Frailty was screened with the self-reported Barber questionnaire [27] in its Spanish validated version [28]. This questionnaire assesses functional status, psychosocial functioning, neurosensory deficits, self-reported health, social support, and previous year hospital admissions. The three major domains in frailty [29]-physical, psychological and social-are represented. It is a 9-item screening tool, easy to understand and self-administer, which identifies individuals who may be at risk of dependency. Any positive item indicates frailty. A cutoff of 2 was applied to increase the positive predictive value of the test since most patients had a recent admission in the previous year.

Statistical methods

Demographic and clinical data were summarized with basic descriptive statistics in the total cohort. For quantitative variables arithmetic mean (± standard deviation) or median (interquartile range) were calculated as appropriate, and P values derived from a two-sample t-test (U-Mann–Whitney tests were used for skewed data). For qualitative variables, percentages within specified groups were calculated and P values were derived using Chi [2] tests. All the tests were two-sided; differences were considered significant at the p < 0.05 level.

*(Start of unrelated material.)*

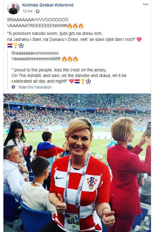 Në shkallët e stadiumit kombëtarja kroate kishte dhe një tifoze speciale, presidenten Kolinda Grabar Kitaroviç.
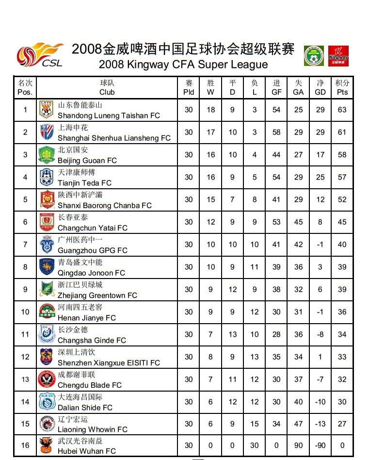 2008赛季由于武汉光谷队的中途退出,实际只有15支球队参赛。该年也实行了“升二降一”的升降级制度。联赛于2008年3月29日展开,于11月30日结束,本届赛一共有16队(实际只有15队)参与。由于2009年亚洲冠军联赛赛制改革,2008年中超联赛的前4名将进入2009年亚冠联赛分组赛,而不是往年的前2名。最终,山东鲁能泰山以2分之微,力压上海申花第2次夺得中超锦标,两队联同季军的北京国安及殿军的天津泰达参加2009年亚洲冠军联赛。08、09这两年,金威啤酒品牌冠名中超联赛。由于对方资金欠缺,所以最后联赛分红一部分不得不以啤酒凑数。

The following clinical variables were dichotomized before entering the linear regression model: age over 65/ below 65, higher education meaning more than 10 years versus less than 10 years of formal education, mild NYHA class I, II versus advanced NYHA III, IV, preserved left ventricle ejection fraction vs. impaired, heart rate over 70 versus HR below 70 as heart rate over 70 is a marker of disease severity and mortality predictor [30]. albumin <3,5 yes/no. NtproBNP was dichotomized over the median as multiple factors influence its values beyond the predictive cut off 1000. Logistic regression models (enter) were generated to explore the relationships between dichotomous and clinical variables. Clinical, functional and biochemical values, echocardiography and co-existing diseases were used as explanatory variables. Univariate analysis was composed of the comparison of cognitive impairment/cognitive normal according to MMSE age-education cut-off scores. Differences between the cognitively normal/impaired groups were calculated using logistic regression model one-to one analyses.

Variables that showed statistical significance (p <0.10) in the univariate analysis were included in the multivariable logistic regression (enter method) using MMSE age-and education-corrected scores as the main variable. Three logistic regression models (enter) were completed. Model one included only the clinical factors, model two included psychosocial factors and model three both clinical and psychosocial factors. Results were presented as odds ratios (OR) with 95 % confidence intervals (CI). The Hosmer-Lemeshow chi-square test was used to assess the models’ goodness-of-fit. Various models were developed, including several combinations of adjustment variables. Co-linearity problems were not observed as the change of the standard coefficient errors was not relevant in terms of loss of statistical significance.

All models were carried out in the final patient sample (n = 525). SPSS® version 13.0 (IBM, Armonk, NY, USA) was employed for statistical analyses.

Results

Cognitive impairment and clinical markers

Of the total sample size (n = 525), 145 participants (27.6 %) were affected by CI as determined by MMSE age-and education-corrected scores. There were no differences between participants and non-participants with respect to gender, education level, marital status, CHF etiology, natriuretic peptide levels, ventricular function, cardiovascular risk factors, reactive depression, comorbidity, or need of a caregiver. The former had hypercholesterolemia less frequently (45, 38.5 % vs. 360, 54.1 %, p = 0.001) and were more often included in the advanced NYHA functional class (59, 58.4 % vs. 295, 44.3 % p = 0.005).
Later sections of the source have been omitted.